28 Déc 2009

L’école s’organise face au jeu du foulard

Cette année, en Communauté française, plusieurs jeunes enfants sont décédés d’avoir voulu jouer au « jeu du foulard« . Le principe est simple : un foulard serré autour du cou provoque l’étranglement, qui peut mener à l’évanouissement et procurer des sensations corporelles intenses et des hallucinations. Le ministère de l’Enseignement a décidé de réagir, tout en essayant d’éviter le piège de faire à cette pratique une trop grande publicité. Une brochure intitulée “Les jeux dangereux, ce n’est pas du jeu ! va prochainement être envoyée aux centres psycho-médico-sociaux (CPMS) puis aux enseignants.

Il est important de laisser le temps aux professionnels des CPMS de prendre connaissance du contenu de la brochure avant qu’ils ne doivent répondre aux questions des profs. ((Communiqué du cabinet de la ministre Simonet – La Libre – 28.12.09))

Les CPMS seront chargés de fournir une aide aux enseignants afin qu’ils puissent aborder de la meilleure façon possible le dialogue sur un sujet aussi délicat. Certains craignent que les débats qui pourraient avoir lieu en classe soient davantage incitatifs que préventifs. Aussi, la brochure qui sera diffusée n’est pas destinée aux ados mais bien aux adultes, de préférence encadrés par des professionnels.

D’une manière très pédagogique, elle définit ce que sont les jeux dangereux, quelles sont leurs conséquences et comment reconnaître les signes d’alertes. Une démarche éducative prudente là où d’autres pays comme les États-Unis ou le Canada préfèrent laisser parler les images « chocs », espérant ainsi effrayer les jeunes.
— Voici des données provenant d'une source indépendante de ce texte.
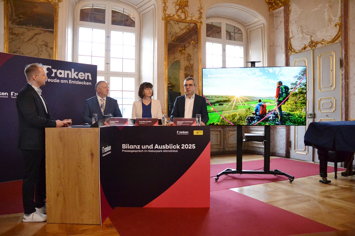 Im südlichsten „Zipfel“ seines Zuständigkeitsgebiets hat der Tourismusverband Franken zum Pressegespräch geladen und so war es der Spiegelsaal in der Eichstätter Residenz, in dem Zahlen und Fakten der zurückliegenden Saison präsentiert und ein Ausblick auf 2025 gegeben wurde. Mit einem Plus von 4 Prozent bei den Gästeankünften und einem Anstieg der Übernachtungen um 2,2 Prozent steht Franken als touristische Destination sehr gut da. Es ist das beste Übernachtungsergebnis in der Geschichte des Tourismusverbands. „Die Reiselust ist ungebrochen,“ erklärte Thomas Bold, Landrat des Landkreises Bad Kissingen und Vorsitzender des Tourismusverbandes Franken. Trotzdem habe man große Herausforderungen wie die schwierige wirtschaftliche Lage und den Fachkräftemangel zu bewältigen. Umso wichtiger sei es, sich auf die Themen Nachhaltigkeit, Regionalität und gute Qualität zu fokussieren.

Le risque, c’est de donner ainsi le mode d’emploi du jeu, le goût, l’envie. (…) Nous n’avons pas la bonne solution. Nous la cherchons. En parler avec un jeune peut provoquer le comportement. (..) Mais aborder la question permettra peut-être aussi au jeune de s’exprimer plus facilement. Il est vraiment difficile d’évaluer l’impact d’une campagne de prévention. Par contre, ce qui est faisable, c’est de faire comprendre aux gens que cela arrive – et pas seulement aux autres – et de leur montrer comment on peut détecter les signes de telles pratiques. Il ne faut pas être alarmiste, mais éducatif, et renvoyer vers les professionnels. ((un conseiller de la ministre de l’Enseignement – idem.))

La brochure : une première étape

La diffusion de la brochure n’est qu’une première étape dans la démarche éducative. La suite naîtra des conclusions de la table ronde organisée par les ministère de l’Enseignement, de l’Aide à la jeunesse et de la Santé. Seront invités à y participer les professionnels des centres PMS, les pédopsychiatres ainsi que les parents d’enfants victimes ou témoins du jeu. Tous ensemble, ils essaieront de s’accorder sur les suites à donner à cette campagne et de répondre à ces questions : jusqu’où peut-on aller dans la prévention, sans aller trop loin?